I'm going to be eating the same thing for the next two weeks until I finish finals so today I am planning every meal and figuring the percents. It doesn't bother me to eat the same thing. If you have any suggestions for meals, preworkout meals etc feel free to offer them. Also, he suggested to have my body fat tested every four weeks.

bradley
11-30-2002, 02:41 PM
Originally posted by Jgirl

- Add more fat (I've been trying) An example he said was to add almonds to my oatmeal and protein powder meal.

- Balance eat meal 40-30-30 (I usually tally it up at the end of the day instead of by individual meals) I'm workng on my meal plan right now.

- Eat something before morning workout (usually workout on empty stomach at 5:15 am) Suggestions...shake

- Eat right before I go to bed (last meal is usually on break at school, which is 8:30 PM and don't go to bed until 10 or 10:30)

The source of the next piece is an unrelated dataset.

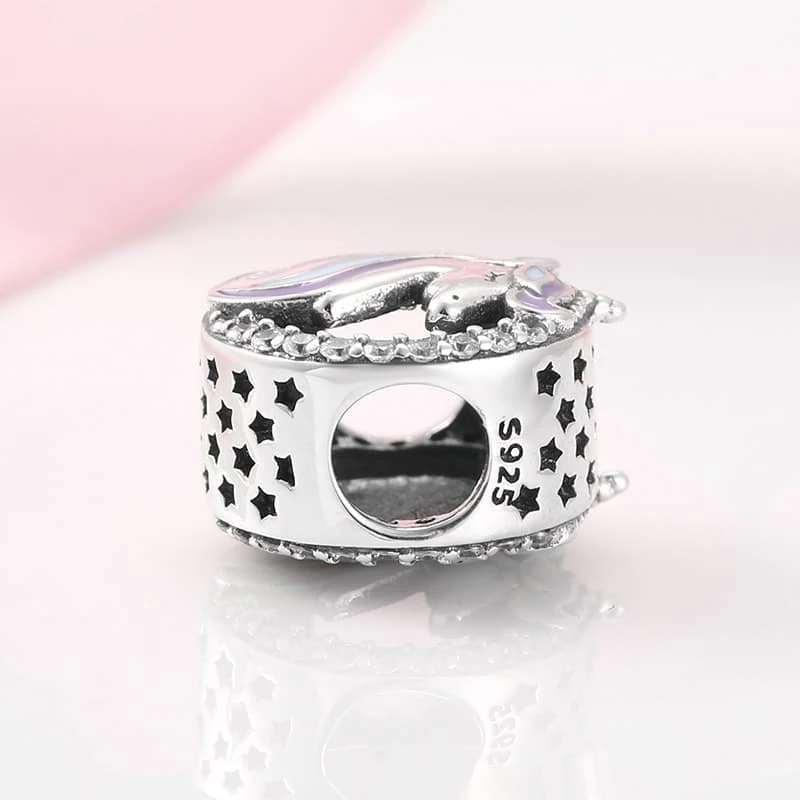925 Sterling Silver Adorable Unicorn Blue And White Enamel Bead

- Eat majority of carbs from veg and fruit (use rice as a condiment, sprinkle on top of veg.) (But, I don't like veggies)

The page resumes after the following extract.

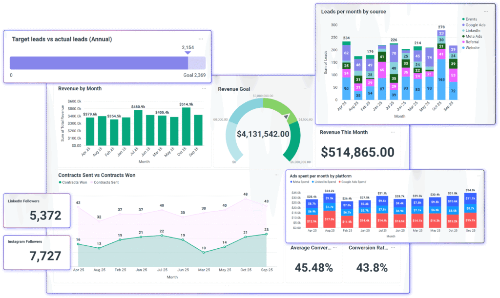 The dash goes further than simply connecting your existing data. We help uncover what’s missing to reveal the metrics and insights you may not even be tracking yet, because the most valuable breakthroughs often come from the gaps you didn’t know existed. Armed with this information, we build powerful, easy-to-understand dashboards designed specifically for your business.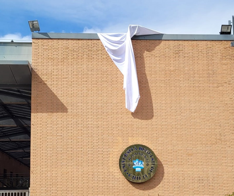 Su indicazione del Rettore, il Direttore Generale dell’Ateneo, Giovanni Cucullo, ha disposto la collocazione di lenzuoli bianchi presso la sede del Rettorato a Chieti, presso la sede del campus universitario di viale Pindaro a Pescara, presso il Museo Universitario di Chieti e, per il doppio valore simbolico che riveste in questa fase di emergenza, anche al “PalaUd’A”, che oggi è uno dei principali centri vaccinali anti COVID dopo esser stato anche centro tra i più attivi per la somministrazione dei tamponi.

- Stretch meals to every three hours (usually eat 2 or 2 1/2 hours)
Not a problem.

- Make sure my cardio is in target heart rate. ( I like to run and I know it gets too high) Should I buy a monitor?



Natty PB is good when added to oatmeal IMO, which would give you some healthy fats.

Pre-workout you could have your protien shake and just dump some oats in with the shake, or have a couple of pieces of ww bread before working out.

Cottage cheese is good before bed. Will give you some slow digesting protien before going to sleep.

A post-workout shake with some protien and simple carbs.

Surely there is at least one vegetable that you like. Most everyone I know likes green beans which is a start. These are just a few ideas off the top of my head hope they can be of help. Good luck with the bf loss.

NateDogg
11-30-2002, 03:04 PM
Those are great suggestions. As for a monitor. If you can afford one, they are great. My parents swear by them and often wear them even when not training. If you can not afford one, a crude way to keep yourself in check is that if you can not talk normally, or close to it, while doing cardio, back off a little.

Paul Stagg
11-30-2002, 03:04 PM
His advice looks spot on to me.

the doc
12-03-2002, 05:51 PM
good advice from that guy

a couple of things you said are somewhat contradictory
"My goal is to lower body fat and not to add major size as most of you guys are here"
"BTW, I am at my target weight so I don't want to lose any weight"

so you will need to either drop some weight (ie fat) or train more intensely (to increase lean body mass)

I would myself be doing the latter, and since you're a woman then there is no worry about "getting to big" since women cant really get big without the help of androgens

Jgirl
12-03-2002, 06:03 PM
Let me try to explain.....I don't mind if I lose weight or gain a few, however weight lose/gain is not the focal point my goal. The nutrition guy is used to individuals coming in an wanting to lose 10-20 pounds. I have trouble losing weight anyways. I keep losing inches, but only lost 3 pounds in 9 weeks, which is a good thing so I am not complaining. I know that I really can't gain size, and I wanted to make it clear that I am not "bulking" or using the wannabe guides. I just thought the info he gave me was interesting and wanted to get others opinions. Hope you guys understand, sorry about that.